They say that this new drug and other RAF inhibitors could theoretically cause second cancers over time.
http://www.medscape.com/viewarticle/754542
December 1, 2011 — Vemurafenib (Zelboraf, Plexxikon/Roche) should not be used outside of its labeled indication for certain melanoma patients, a group of oncologists writes in an editorial published online November 7 in the Journal of Clinical Oncology.
They say that this new drug and other RAF inhibitors could theoretically cause second cancers over time.
Vemurafenib was approved by the US Food and Drug Administration this year for the treatment of metastatic melanoma in patients with BRAF mutations, and has wowed the oncology community with its efficacy.
Consequently, clinicians could be tempted to try the drug in earlier-stage BRAF-mutant melanoma patients, especially those with high-risk surgically resected disease, suggest the editorialists, led by Mario Lacouture, MD, from the Memorial Sloan-Kettering Cancer Center in New York City.

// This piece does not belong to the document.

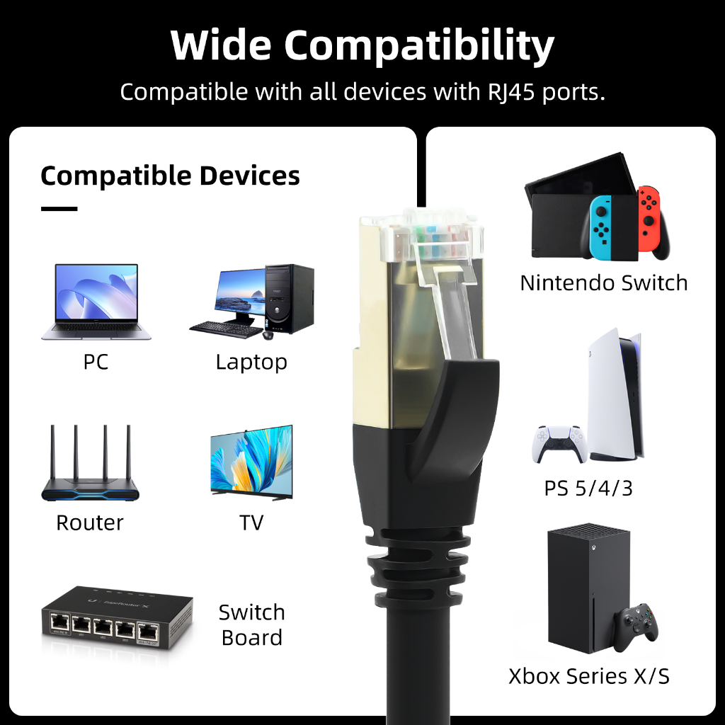 Dutevolns Cat8 SSTP Ethernet Patch Cable 40Gbps 2000MHz Super Speed RJ45 Cat8 Network Cable CAT 8 Lan Cable For Router Laptop Tvbox
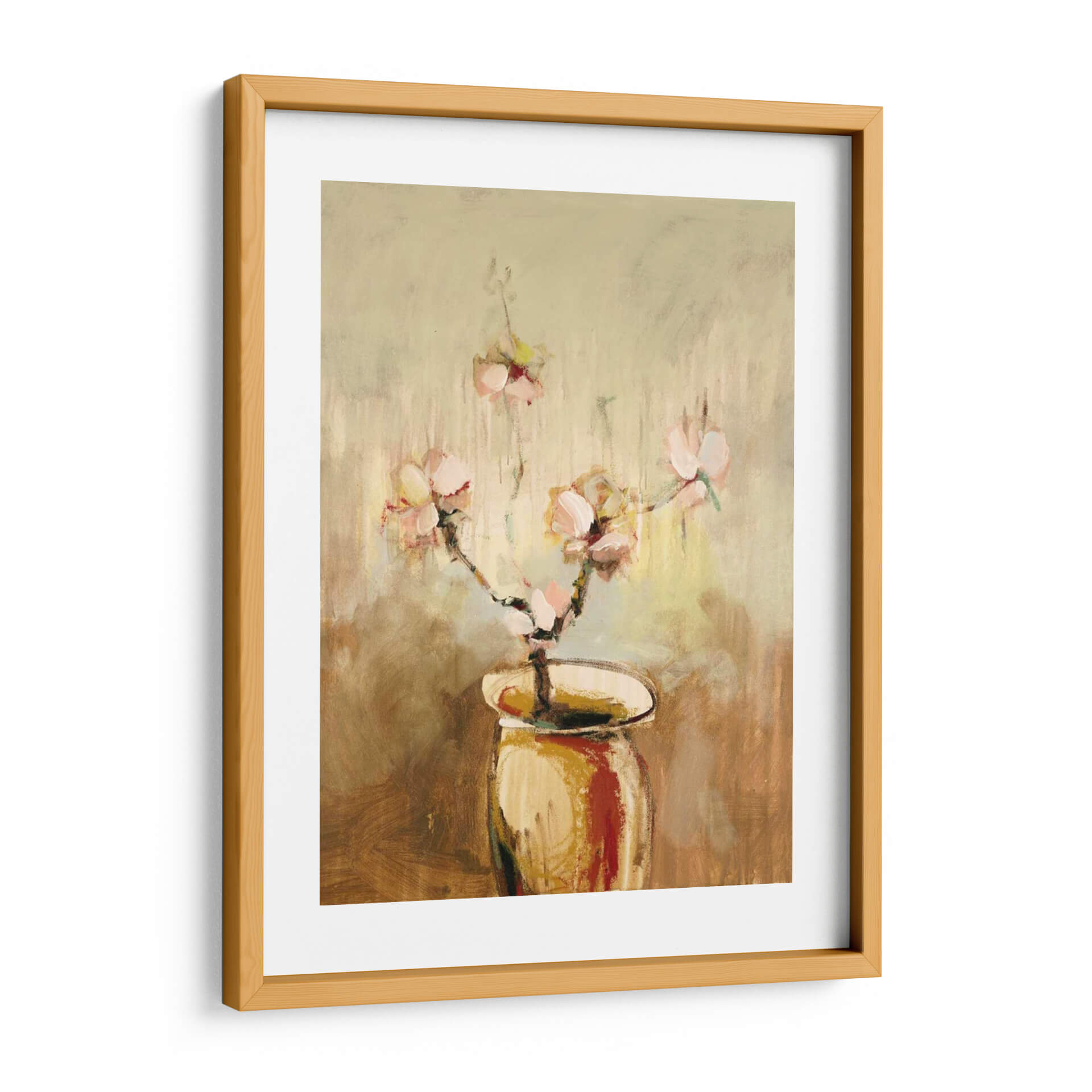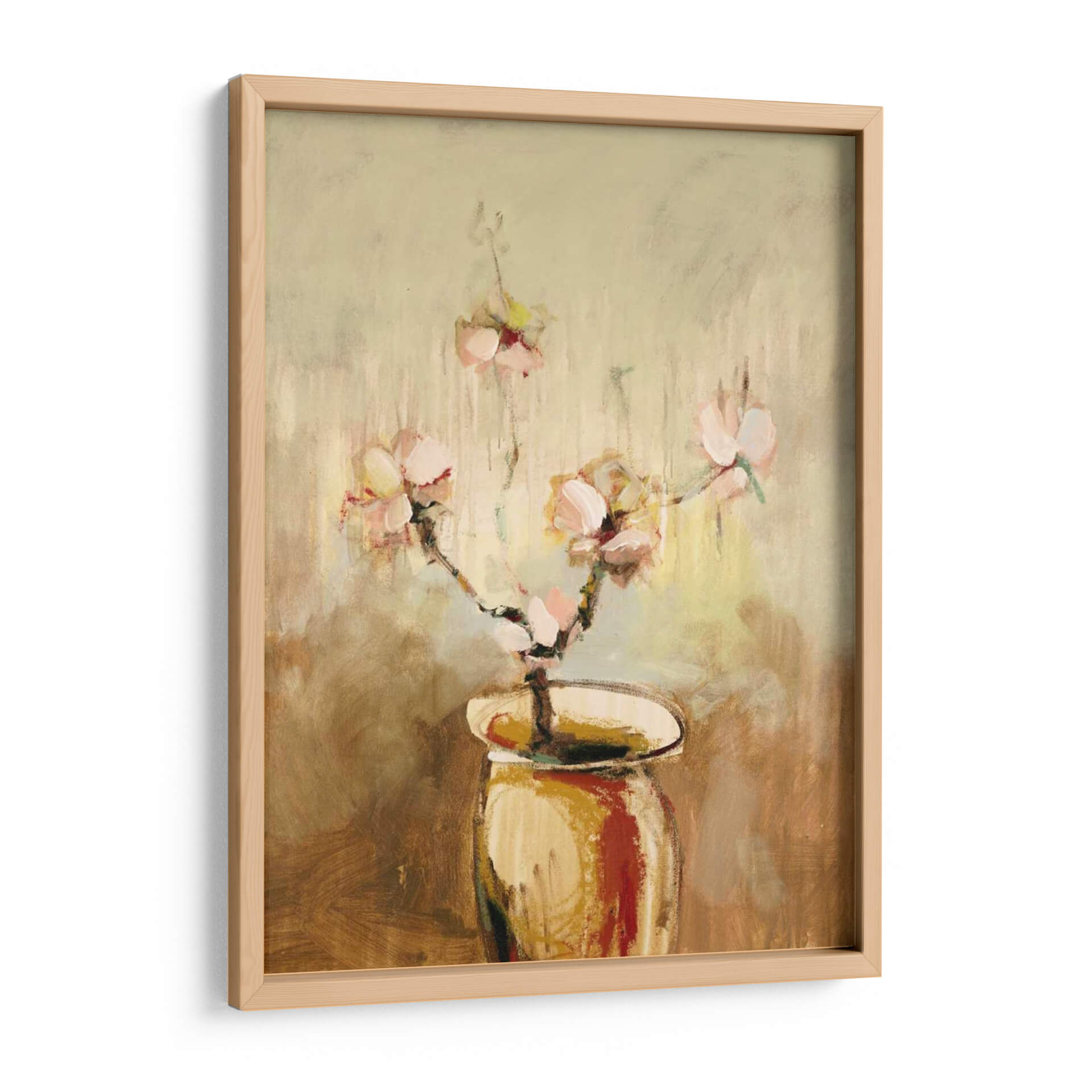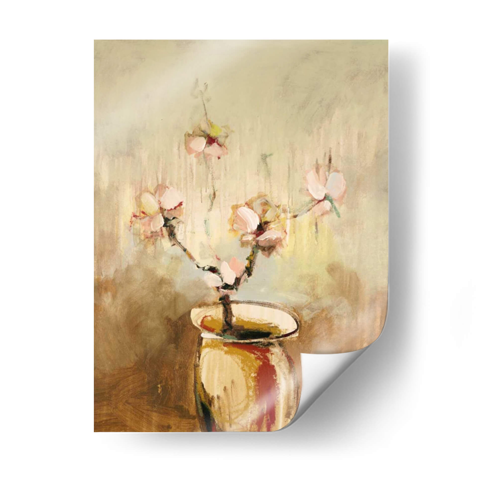 Sumérgete en la delicadeza y el encanto de "Vivo Floral 17", una obra de arte que captura la efímera belleza de las flores con un toque contemporáneo. Este cuadro decorativo presenta un jarrón estilizado que alberga un delicado ramo de flores en tonos pastel, cuyas pinceladas evocan movimiento y vitalidad. La paleta de colores, dominada por tonos cálidos y terrosos que se funden con suaves toques de rosa y amarillo, crea una atmósfera serena y acogedora. El estilo artístico, una mezcla sutil entre impresionismo y abstracción, permite que la obra respire y transmita una sensación de calma y optimismo. Las texturas sugeridas por la técnica de pintura añaden profundidad y un carácter artesanal. "Vivo Floral 17" es ideal para añadir un punto de elegancia sutil y naturalidad a cualquier espacio, desde una sala de estar moderna hasta un dormitorio sereno o una oficina que busque un ambiente inspirador y tranquilo. Transforma tu hogar en una galería personal con esta pieza que celebra la vida y la naturaleza a través de una interpretación artística única.

But second cancers are a potential concern in earlier-stage melanoma patients, who will likely live longer than the typical patient with metastatic disease (9 to 12 months), they warn.
Interestingly, the second cancers of concern are not keratoacanthomas (KAs) or cutaneous squamous cell carcinomas (cSCCs), which have been cited as adverse events in clinical studies of vemurafenib. The editorialists are not especially worried about these 2 skin cancers, which develop in up to one third of all vemurafenib-treated patients. They explain: "The KAs and cSCCs that arise in the setting of vemurafenib treatment are of low metastatic potential, often regress spontaneously, and are easily cured by surgical resection and/or destructive methods (cryotherapy or electrodessication/curettage)."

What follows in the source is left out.